-- Work request --
An exact copy of the data is required. No picture may appear in it.

-- Dataset section --
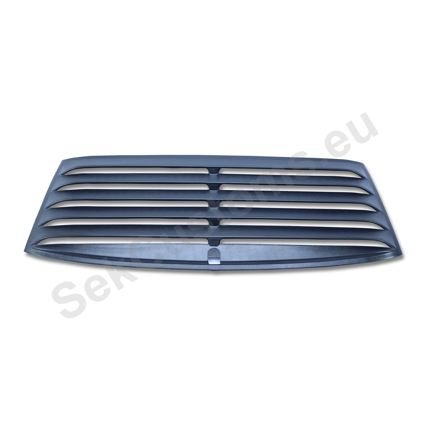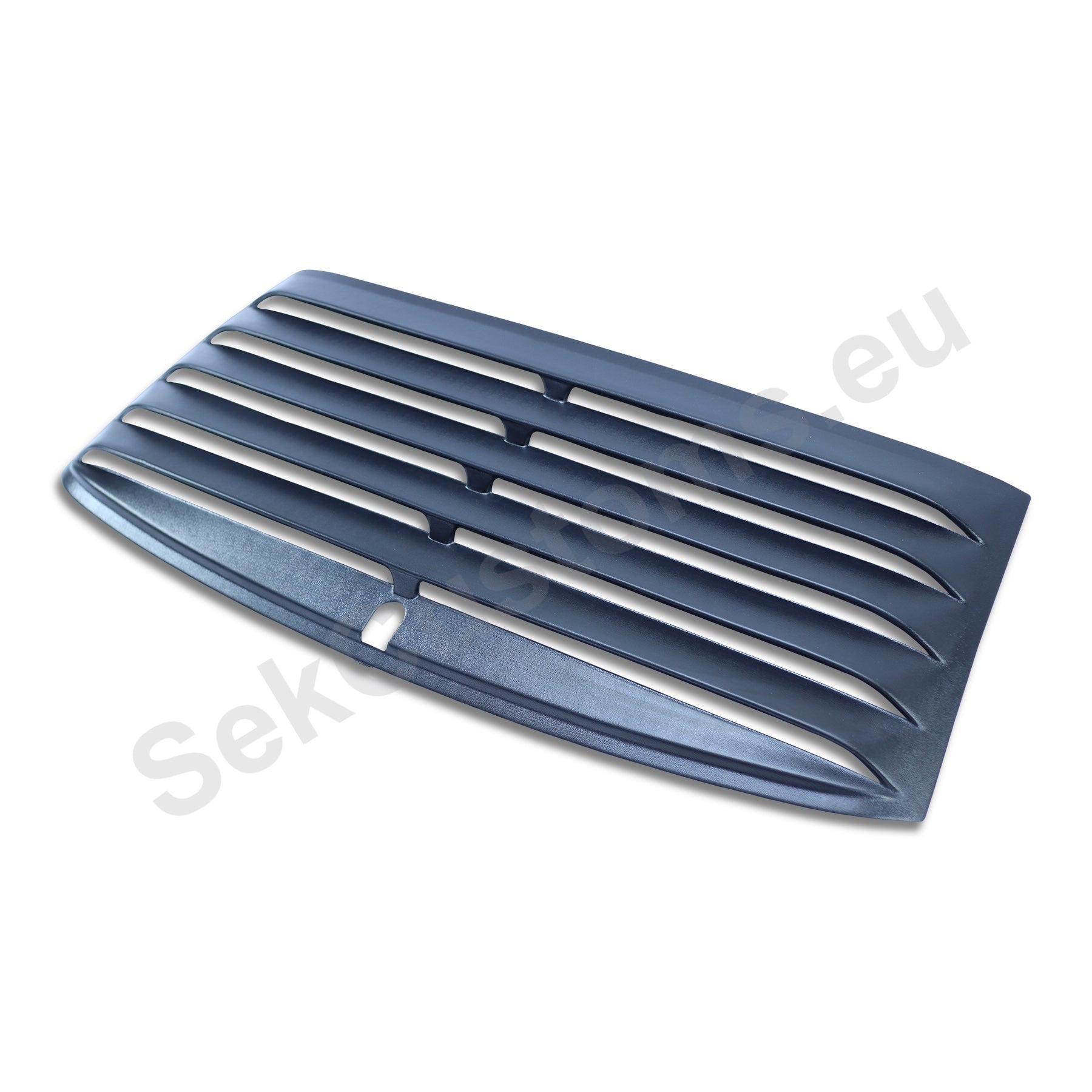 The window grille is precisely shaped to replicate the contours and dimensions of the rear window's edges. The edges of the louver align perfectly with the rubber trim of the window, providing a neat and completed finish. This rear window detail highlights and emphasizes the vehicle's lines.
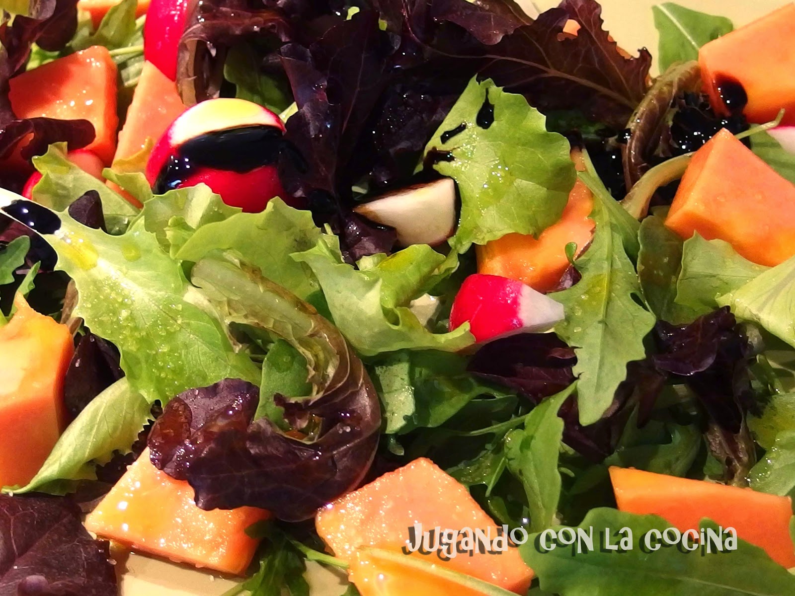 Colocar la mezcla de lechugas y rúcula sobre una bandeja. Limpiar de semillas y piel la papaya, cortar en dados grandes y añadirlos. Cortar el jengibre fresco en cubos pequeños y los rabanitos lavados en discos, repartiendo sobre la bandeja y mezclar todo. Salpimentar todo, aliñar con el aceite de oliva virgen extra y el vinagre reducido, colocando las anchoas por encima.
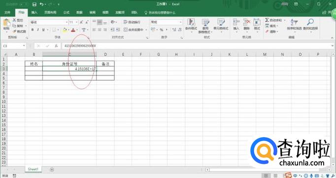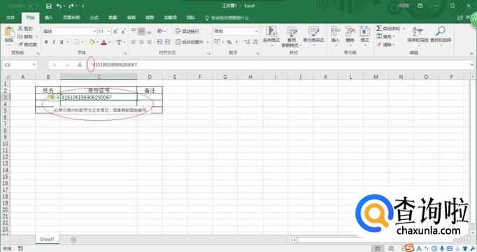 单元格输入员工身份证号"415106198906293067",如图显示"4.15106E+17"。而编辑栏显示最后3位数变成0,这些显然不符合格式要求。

-- Exercise solution --
 The window grille is precisely shaped to replicate the contours and dimensions of the rear window's edges. The edges of the louver align perfectly with the rubber trim of the window, providing a neat and completed finish. This rear window detail highlights and emphasizes the vehicle's lines.
 Colocar la mezcla de lechugas y rúcula sobre una bandeja. Limpiar de semillas y piel la papaya, cortar en dados grandes y añadirlos. Cortar el jengibre fresco en cubos pequeños y los rabanitos lavados en discos, repartiendo sobre la bandeja y mezclar todo. Salpimentar todo, aliñar con el aceite de oliva virgen extra y el vinagre reducido, colocando las anchoas por encima.
 单元格输入员工身份证号"415106198906293067",如图显示"4.15106E+17"。而编辑栏显示最后3位数变成0,这些显然不符合格式要求。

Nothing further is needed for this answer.